A World to call Your Own

I’m slightly surprised that Ryzom’s release as open source hasn’t attracted more attention in the blogosphere. From the Ryzom Open Source FAQ:

Ryzom is released in its entirety – all of the framework (NeL, NeLNS), game client, tools, utilities and game servers (services) is released. In addition to all of the source code Ryzom has also released its entire library of 3D assets such as high-quality textures, 3D models, animations, particle systems and more. All of the source code will be licensed under GNU AGPLv3 and all of the media assets will be licensed under Creative Commons CC-BY-SA.

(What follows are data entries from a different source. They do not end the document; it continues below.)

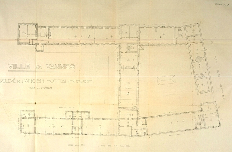 Plan de l'ancien hôpital-hospice, 1937. AD Morbihan 1Fi 309.Immatriculation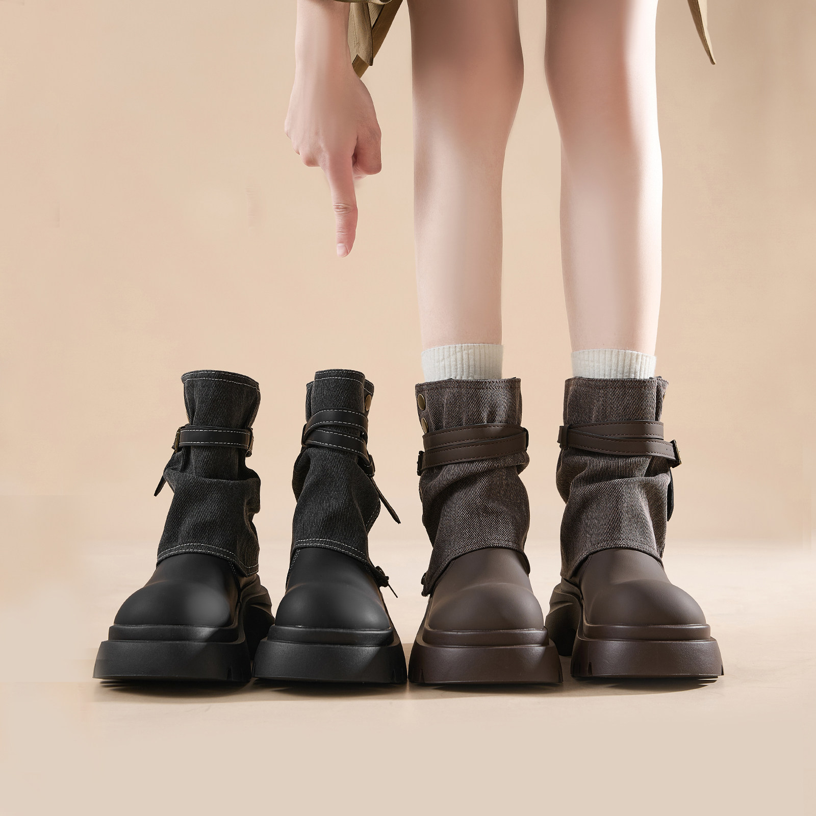 羊皮版~内增高靴子女2025新款爆款中筒粗跟短靴卡其色褶皱堆堆靴
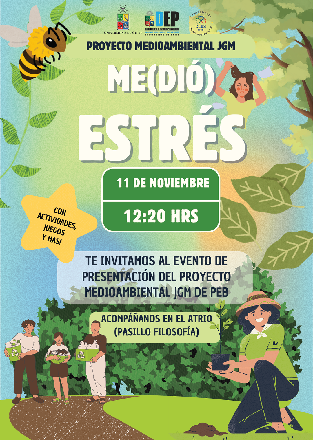 La Generación 2024 de la carrera de Pedagogía en Educación Básica de la Universidad de Chile, junto a la profesora Karin González, invitan al evento final del Proyecto Medioambiental: Me(dio) Estrés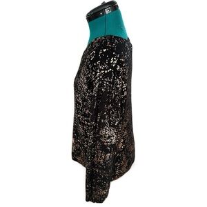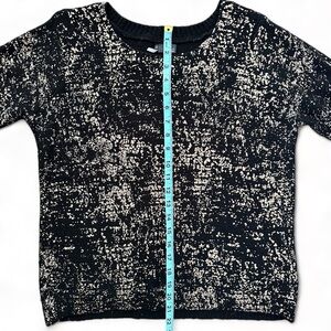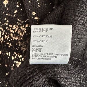 This is a beautiful, size medium, black knitted sweater made by Sparkle and Fade and has a gold fleck all over it. It’s almost like it’s been sprayed with gold paint. Really cool design. Take a look at the close-up photos to get an idea of the design. It’s really soft all over. 100% acrylic. Please see the measurements in the photos.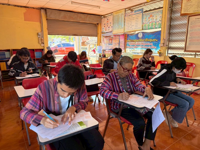 โครงการศูนย์ฝึกอาชีพชุมชน หลักสูตรการแปรรูปผลิตภัณฑ์ผ้ามัดหมี่ย้อมคราม (การทำพวงกุญแจ, เข็มกลัดดอกไม้) ประจำปีงบประมาณ พ.ศ. 2569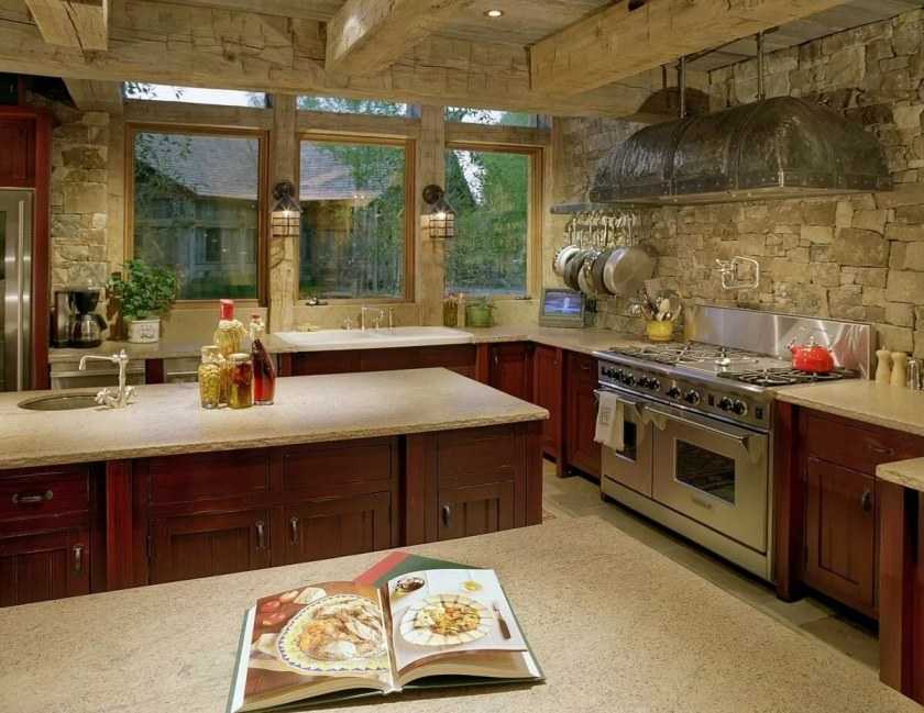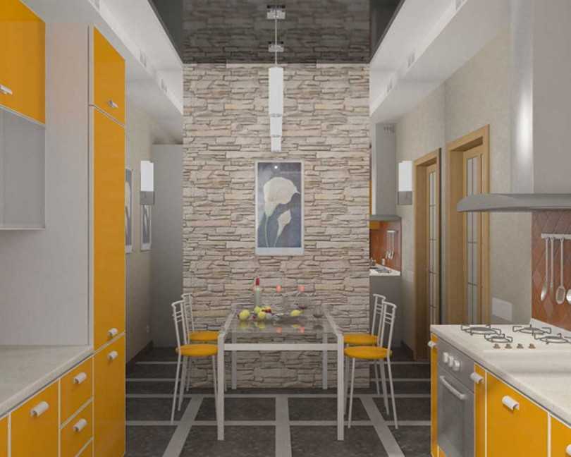 После установки современного натяжного потолка или покраски старого можно приступать к приведению стен «в божеский вид». Вспомните, какой стиль будет в вашей кухне. Исходя из направления, выберите подходящие материалы для отделки стен кухни. Для стен в кухне подойдут:

The only thing that isn’t available is the Ryzom world-data. I haven’t looked closely, but I assume this means such things as landscape, missions and likely behaviours and mechanics won’t be available. So there won’t be clone servers of Ryzom.

Nonetheless, the server and world-building tools are available, including the data necessary for a rudimentary world. Servers can be made to run on Windows or Linux. Members of the community have released binaries for those who don’t wish to go through the process of compiling (there are a few tricks).

In theory, an enterprising arm-chair designer with the ability to configure windows software might be able to establsh a world to call their own.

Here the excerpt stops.